**THE DATA**

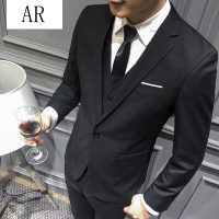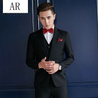 AR西服套装男士三件套商务正装职业小西装修身韩版伴郎新郎结婚礼服
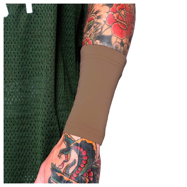 Hiding tattoos at work when you need to has never been so easy. Our Ink Armor six inch forearm sleeves are perfect tattoo cover ups for work or school. There's no need for makeup or long sleeves or ace bandages. Tat2X has you covered with our Ink Armor forearm cappuccino tattoo cover.
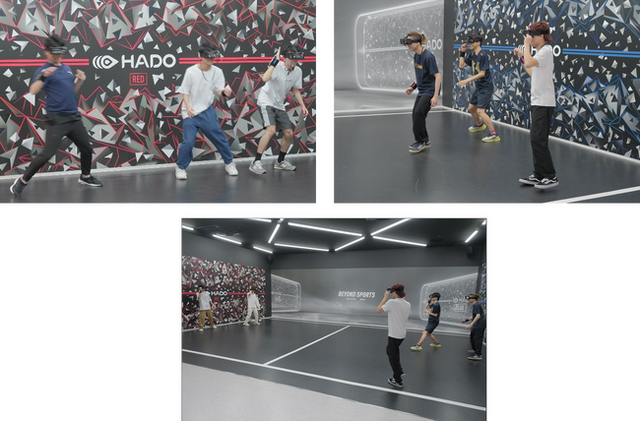 「HADO」は株式会社meleap(本社・東京都港区)が開発したARスポーツで、ヘッドマウントディスプレイの画像を見ながら、腕に着けた端末(アームセンサー)を動かし、エナジーボールと呼ぶ仮想の弾を撃ち合って対戦するゲームです。3対3の試合が可能で、相手の弾を避ける俊敏性や3人の役割分担などの戦略性を競います。現在、HADOを体験できる専門施設「HADO ARENA」は全国に8か所ありますが、近畿地方ではエコール・いずみの施設が唯一です。

**PROBLEM TO SOLVE**
Retype the data above exactly. Do not carry over any images.

**RESPONSE**
 AR西服套装男士三件套商务正装职业小西装修身韩版伴郎新郎结婚礼服
 Hiding tattoos at work when you need to has never been so easy. Our Ink Armor six inch forearm sleeves are perfect tattoo cover ups for work or school. There's no need for makeup or long sleeves or ace bandages. Tat2X has you covered with our Ink Armor forearm cappuccino tattoo cover.
 「HADO」は株式会社meleap(本社・東京都港区)が開発したARスポーツで、ヘッドマウントディスプレイの画像を見ながら、腕に着けた端末(アームセンサー)を動かし、エナジーボールと呼ぶ仮想の弾を撃ち合って対戦するゲームです。3対3の試合が可能で、相手の弾を避ける俊敏性や3人の役割分担などの戦略性を競います。現在、HADOを体験できる専門施設「HADO ARENA」は全国に8か所ありますが、近畿地方ではエコール・いずみの施設が唯一です。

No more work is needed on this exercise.